Tonight I checked the brake lines from the calipers to as far as I could follow them and didn't notice any fluid or gunk build up. In fact all brake lines look to be in really good condition. And the res is full.

This leads me to believe it has to be the brake master cylinder but I'd like some other opinions. If it is the MC.. does anyone know of a DIY for replacing it? I searched and could only find clutch MC DIY's.

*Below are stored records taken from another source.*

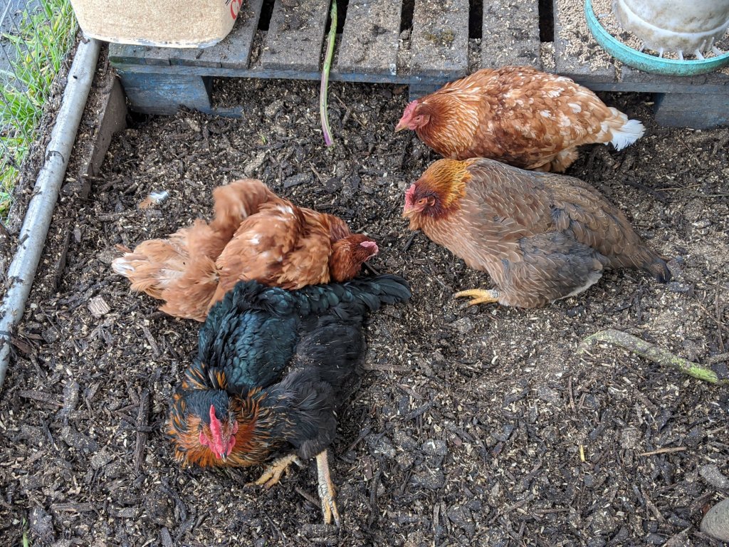 Cliff had a good look and recognised it as an overgrowth. Apparently it can happen quite often but I haven’t had any chickens with it before. He recommended some nail clippers to cut off the growth. We met down on site and Georgie clearly had sensed something was up because she hid under the nest box. After some poking under the nest box with a large stick, we managed to get her out.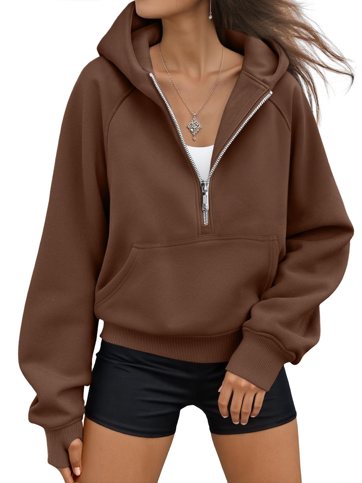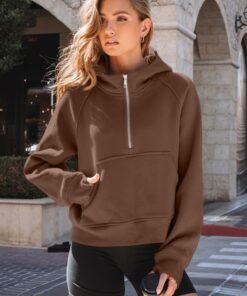 - Design: Athletic workout half zip hoodies,women pullover sweatshirts,drop shoulder collar, long sleeve, half zip hooded collar, solid color, cropped length, fleece lined, relaxed fit, crop tops, fall and winter outfits for women and teen girls, fashion and casual style.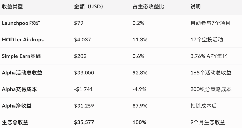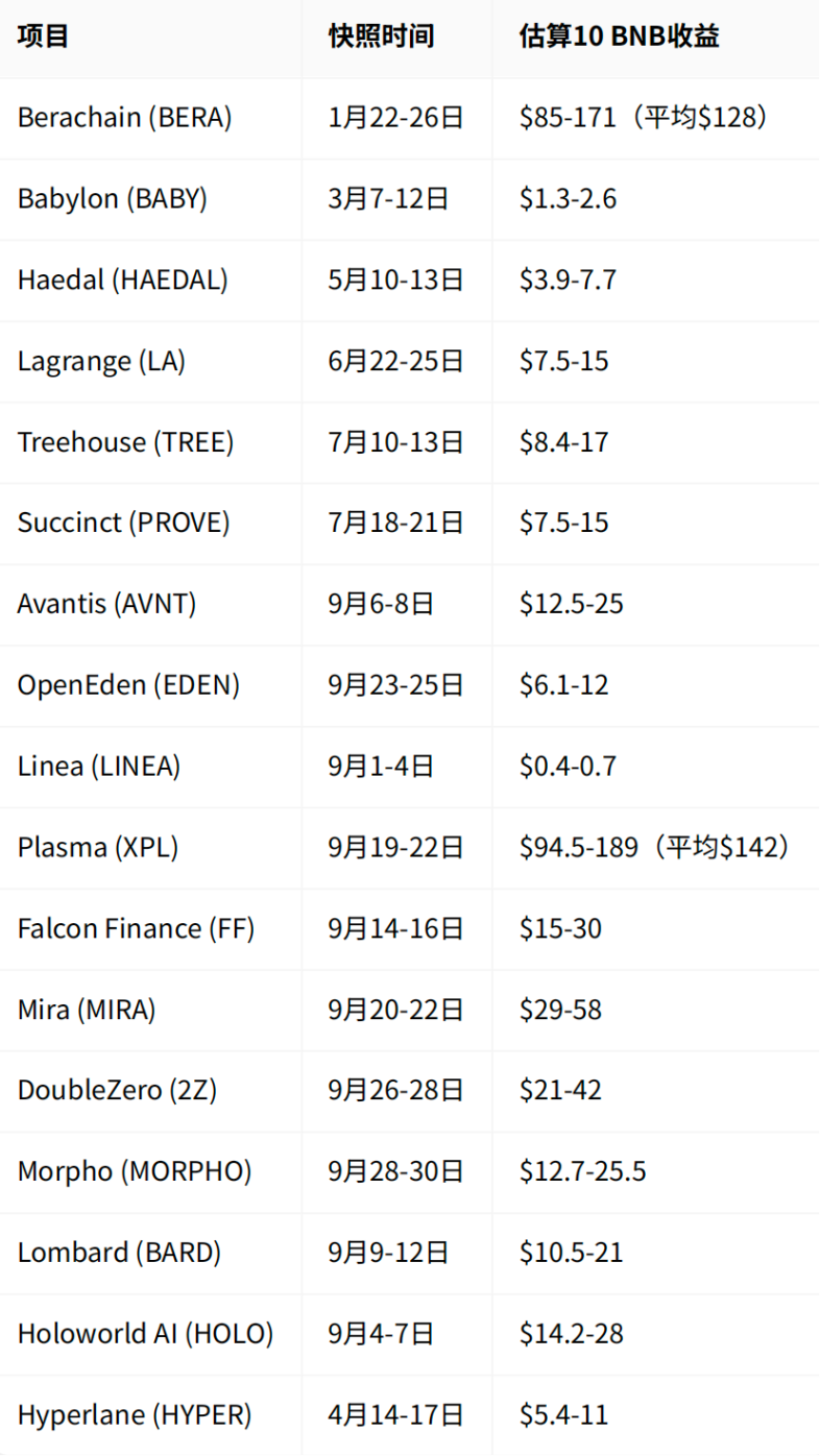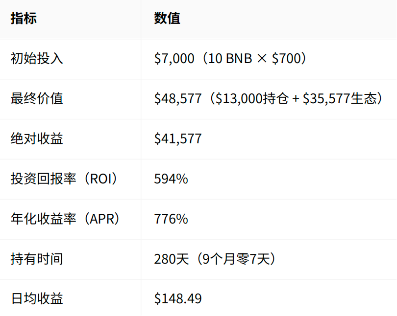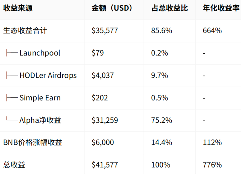 During the National Day, Big Pie reached a new high and BNB reached a new high five times. Apple life is no longer good, BN life is the top enjoyment. The most handsome guy in this bull market, BNB is said to be first, no one dares to say second. The boys in the cottage were silent and guard E shed tears. Nowadays, 3BNB, which is needed for new games, is becoming more and more out of reach for everyone. Everyone calls Uh-huh, now everyone wants to be Uh-huh. ![]() So let’s see, if we took 10 BNB from the beginning of the year and didn’t engage in derivatives or fight local dogs, how much profit would we have now? We know that in addition to price increases, the BNB ecosystem mainly includes Launchpool mining, HODLer Airdrops, Simple Earn, and Alpha activities. Explained one by one below ![]() Launchpool mining revenue 10 BNB’s income details from participating in 7 projects: ![]() Launchpool total revenue: approximately $79 USD ![]() HODLer Airdrops Benefits Based on the estimated Simple Earn pool (5-10M BNB), the income of 10 BNB in 17 airdrops: we take the median calculation ![]() HODLer Airdrops total revenue is approximately $4,037 USD ![]() Simple Earn basic income Calculation parameters: Basic APY: 3.76% (weighted average from January to October 2025) BNB average price: $700 (comprehensive monthly average price) Position value: 10 BNB × $700 = $7,000 Holding time: 280 days Therefore, we can get: Annualized return = $7,000 × 3.76% = $263.20 Actual return = $263.20 × (280/365) = $202 USD ![]() BNB Alpha activity income Everyone who trades Alpha knows: Currently, it is a points system, which means that balance + trading volume must be met at the same time. Here, active trading is used for calculation. From April to October, there were a total of approximately 165 airdrop/TGE activities. The income from monthly activities fluctuates. In the early stage, there may be more than 200 dollars each time, but in July and August, there are many small profits. There were many big gains again in September. Typical high value activities include the following: ![]() Total proceeds from participating in all 165 events: $33,000 In terms of transaction costs, since most activities currently require a points threshold of 200-250 ![]() If we use the 200-point scenario, the transaction cost is $1,741 From the above, it can be concluded that Alpha’s net income reached an astonishing $31,259 ![]() The total income from the above 4 ecological benefits is: $35,577 ![]() If the profit from BNB price change is $700 per coin on January 1st and $1,300 per coin today, then the profit from the price change is $6,000. ![]() We can summarize all the above benefits Summary statement of comprehensive income ![]() The direct rate of return of BNB can be expressed more intuitively: BNB investment return analysis table ![]() Conclusion It’s not that I don’t know, it’s just that I was shocked. I also gradually understand why BSC has many believers. The BSC ecosystem can not only provide long-term holders with an annualized return of 154%, but also provide active participants with an annualized excess return of 776%. What’s more worth mentioning is that the senior management of the BSC chain is still listening to the public’s voices on the front line and actively interacting with the community. ![]() I believe BNB will get better and better. ![]() |

Any and all help is super appreciated.

Sent from my Man Cannon via Tapatalk 2


----------



## KG18t (Aug 9, 2006)

A shot master cylinder would result in pedal going to the floor. If the pedal is stiff and you have to stand on it to stop - you may have a vacuum issue - either the hose to the booster or the booster itself. Your 'tight but have to pump it' description seems a little contradictory.


----------



## SconnieGTI (Jun 10, 2012)

The issue I noticed was that after an hour of highway driving (not using the brakes) and also after sitting all night, the next time I went to use the brakes, the pedal felt tight, but I wasn't stopping like I should. Like I said, I thought maybe I just had snow or ice built up between the pad and rotor since we had just had a really slushy/wet snow storm 2 nights before, and I was out bombing and sliding around. But after both instances, the brakes worked fine after using them again a couple times. Which I thought was due to a leak in the lines, thus pumping/using them was building the pressure back up. But it's possible I'm mistakin'..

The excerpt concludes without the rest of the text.